Ha ha, find your own hotty, leave my Jackie alone. I was gonna ask you if you wanted to kill some fish. I got some near shore spots I never hit up yet. I think we should bring fixings for ceviche and just pig out all weekend


----------



## jjam (Dec 9, 2007)

Congratulations to Zack, achieved his helo wings and off to a great career flying/serving de' Great USA Military...Am very proud to know that young rosey cheek smiling fella and will miss him on Wed night's "one & done"! 

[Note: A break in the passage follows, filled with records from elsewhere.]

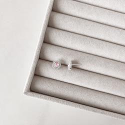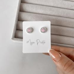 Brinco zircônia redonda rosa com cravejado 9mm | Mya Prata
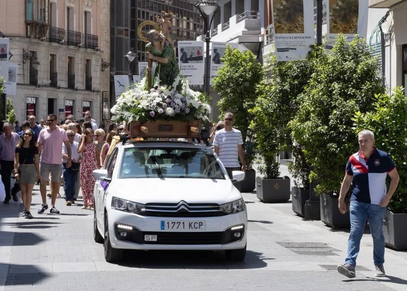Imagen de San Cristóbal sacada en procesión sobre el techo de un taxi, como se hacia en nuestra isla.
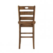 The Stowe Collection offers a conveniently paired 5-piece counter height table and dining chairs to complete the look of your casual dining space. The transitional style of the collection features a walnut finish over the distinct grain of the acacia veneer, and a classic profile. The chairs have keyhole detail on the top rail and wood seats.
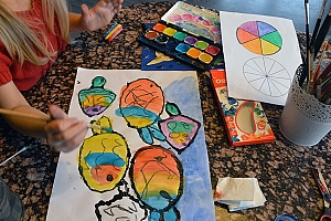 Atsisveikinu su idilišku vaizdeliu... Kai šviečia saulė ir kai visi trys mano vaikai yra be galo tvarkingai ir koordinuotai aplipę stalą... kai pieštukai dar savo vietoj, o rankytės smagiai darbuojasi.. Kai viskas einasi lyg iš pypkės..
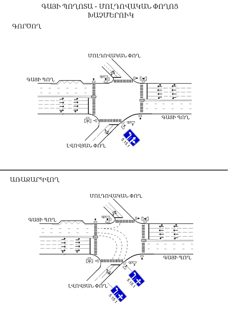 Երթևեկության կազմակերպման բարելավման նպատակով Երևան քաղաքի Գայի պողոտա-Մոլդովական փողոց-Լվովյան փողոց խաչմերուկում 2019 թվականի մայիսի 1-ից կկատարվի երթևեկության կազմակերպման փոփոխություն:
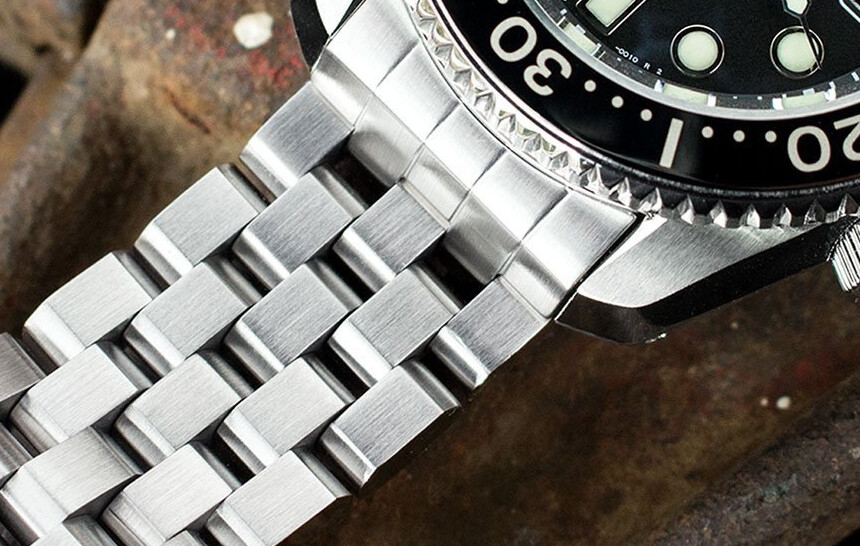 Vzhľad päťdielneho článkového náramku je elegantnejší ako typ Oyster. Je tiež pohodlnejší na nosenie a ľahšie sa prispôsobuje veľkosti vášho zápästia. Náramok je usporiadaný tak, že hrubšie bočné články, často s kontrastnou matnou povrchovou úpravou, sú umiestnené okolo troch úzkych, vysoko leštených článkov.
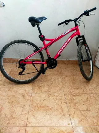 Bicicleta de montaña con ruedas de 26 pulgadas. Restaura con muy poco uso. Venta en persona - Cuadro de color rojo. - Horquilla delantera Marzochi - Sillín negro. - Frenos de disco delanteros.
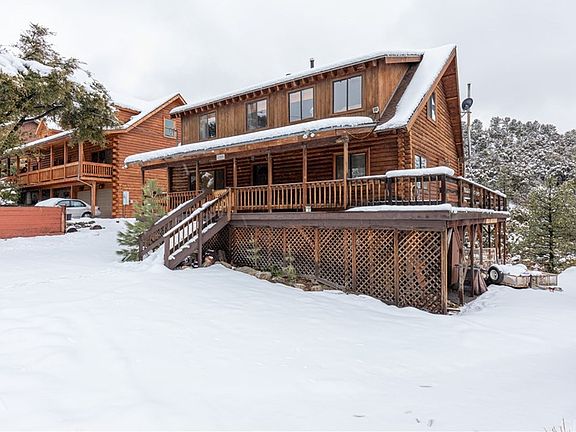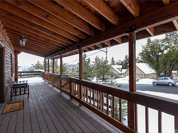 A True Log Home, nestled into the mountains, with breathtaking mountain views, awaits you! With incredible beamed ceilings and log walls, this 5 bedroom/3 bath home is the epitome of rustic tranquility and harmony. One bedroom downstairs, and 4 bedrooms up, make the perfect layout for large gatherings, or investment income. The kitchen opens up to the living room in an open concept, and both are adjacent to the sprawling deck overlooking mountains and forest, for miles. Finished basement has 2 separate living or entertainment spaces, as well as the laundry area with utility sink. Enormous brick fireplace downstairs has gas, but is also wood-burning...echoing the brick fireplace in the master bedroom. Just about 15 miles from the 5 fwy...you can escape into the woods. This is a MUST SEE property.
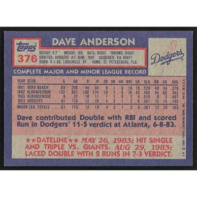 This is a 1984 Topps Dave Anderson baseball card. The card is #376 and pictures show condition.
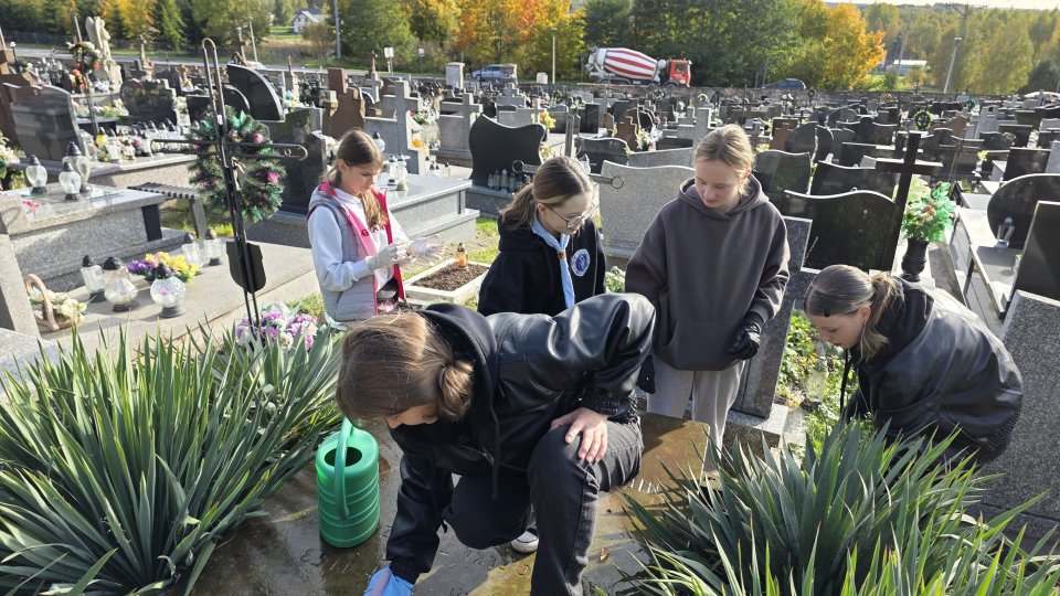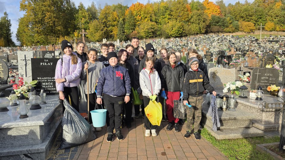 Tym razem kilkanaście druhen i druhów, uzbrojonych w grabie, szczotki i wiaderka, porządkowało groby na miejscowych cmentarzach oraz w miejscach pamięci narodowej. Chłodna jesienna aura nie zniechęciła nikogo – wręcz przeciwnie, promienie słońca przebijające się przez chmury dodawały energii i motywacji.
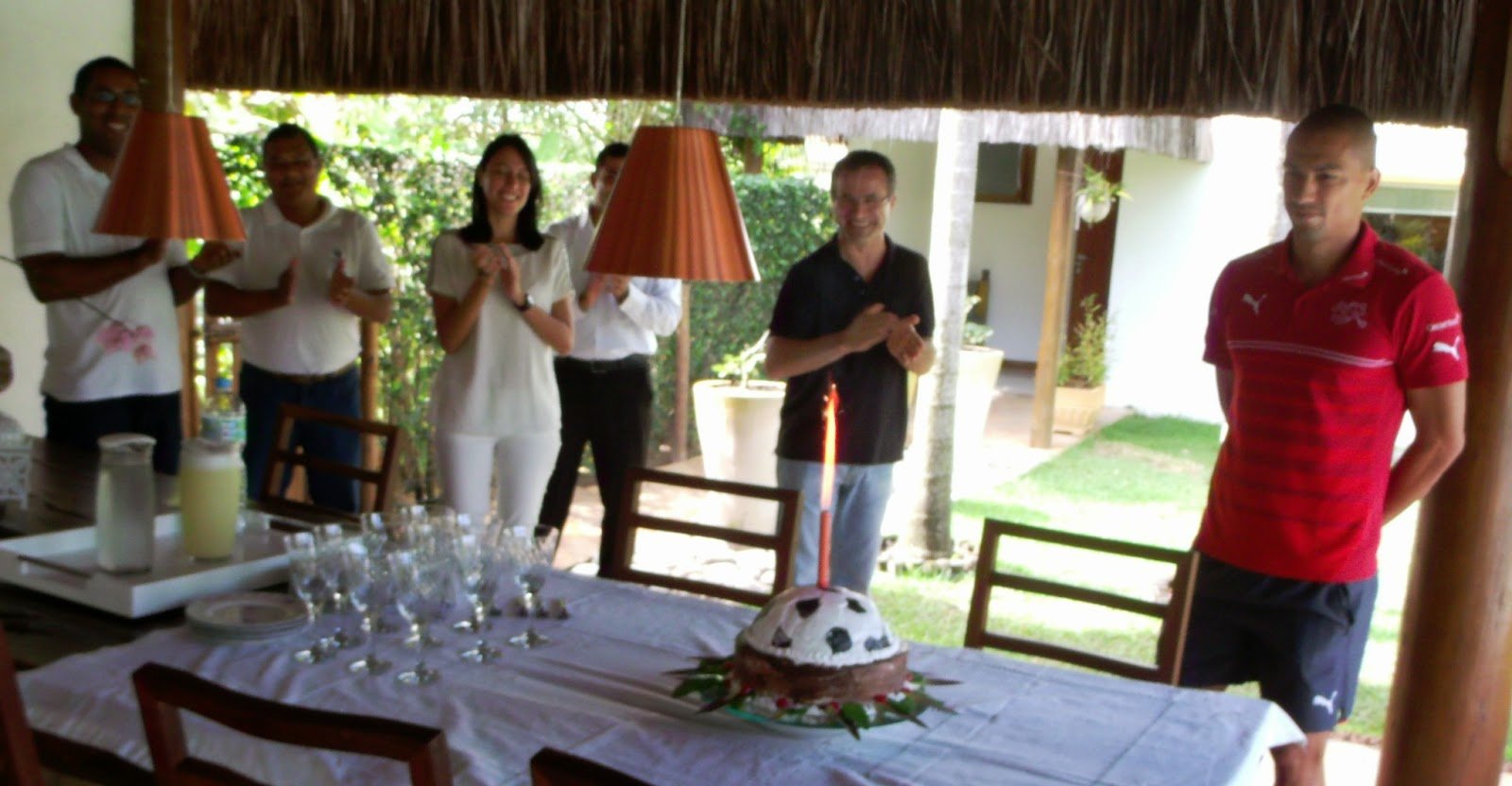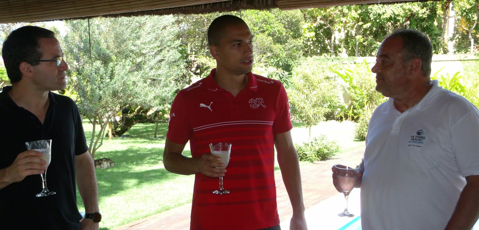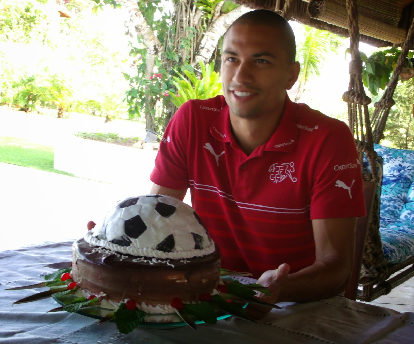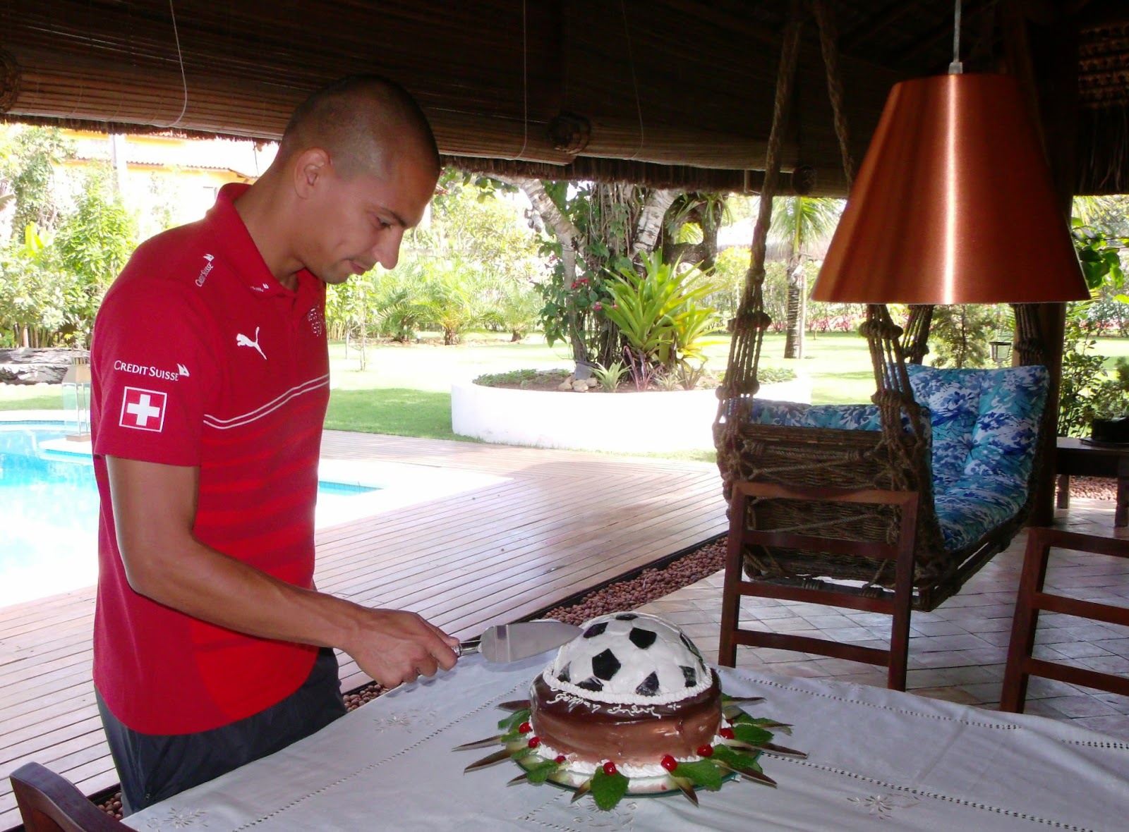 A manhã desta sexta-feira, 27 de junho começou em festa no La Torre Resort comemorando o aniversário do Capitão da Seleção Suíça Gökhan Inler. Atualmente Inler é meio campista do Napoli da Itália, mas tem se destacado para o mundo com suas atuações nesta Copa pela Seleção Suíça. Líder de uma equipe que tem surpreendido a todos pelo excelente desempenho e dado esperanças à população de seu país, Gökhan Inler diz que sonha com a final Brasil e Suíça neste mundial. “Agora que a Copa do Mundo vai começar!” Afirma o capitão ao comentar sobre as expectativas para o próximo jogo contra a Argentina. Inler elogiou muito a receptividade e o apoio do povo brasileiro e se disse muito bem no La Torre Resort, acomodação escolhida pela Delegação Suíça, “um dos melhores centros de treinamento que já conheci em Copa do Mundo. Com áreas amplas e bem privativas, apartamentos confortáveis, atendimento personalizado. Estou muito bem aqui”, completou o aniversariante ao conversar com os diretores Luigi Rotunno e Jean Pierre, grandes responsáveis na captação de Seleções para a Costa do Descobrimento.

God Bless him and may he maintain air under his blades!:thumbup:

Jimmy


----------



## bite me fishing team (Feb 13, 2013)

:thumbsup:yep you still got a ride clay doh,talked to kevin, we'll be there,we'll still do some fishing and just have a party.:thumbup:


----------



## below me (Jan 13, 2012)

Clay-Doh said:


> Ha ha, find your own hotty, leave my Jackie alone. I was gonna ask you if you wanted to kill some fish. I got some near shore spots I never hit up yet. I think we should bring fixings for ceviche and just pig out all weekend



don't put so much mango in the ceviche this time.

let's talk about spearfishing. give me a call some time this week.


----------



## below me (Jan 13, 2012)

jjam said:


> Congratulations to Zack, achieved his helo wings and off to a great career flying/serving de' Great USA Military...Am very proud to know that young rosey cheek smiling fella and will miss him on Wed night's "one & done"!
> 
> God Bless him and may he maintain air under his blades!:thumbup:
> 
> Jimmy


he's gone for a couple weeks and will be back for a couple of days before he heads out to California. maybe we can get some people together for one of those nights he's here for a couple drinks?


----------



## below me (Jan 13, 2012)

forecast sucks. guess it's a bust. i'm making other plans. thanks for trying, clay. let's look forward to the spring.


----------



## Clay-Doh (Oct 2, 2007)

Yeah, I didn't have time to get on here yesterday, but with chance of rain all the days, 20 knot winds, and 4-6 for seas, it's definitely a bust. We will make the spring event the best yet, which will be the 10th, and will call for extra celebration!


----------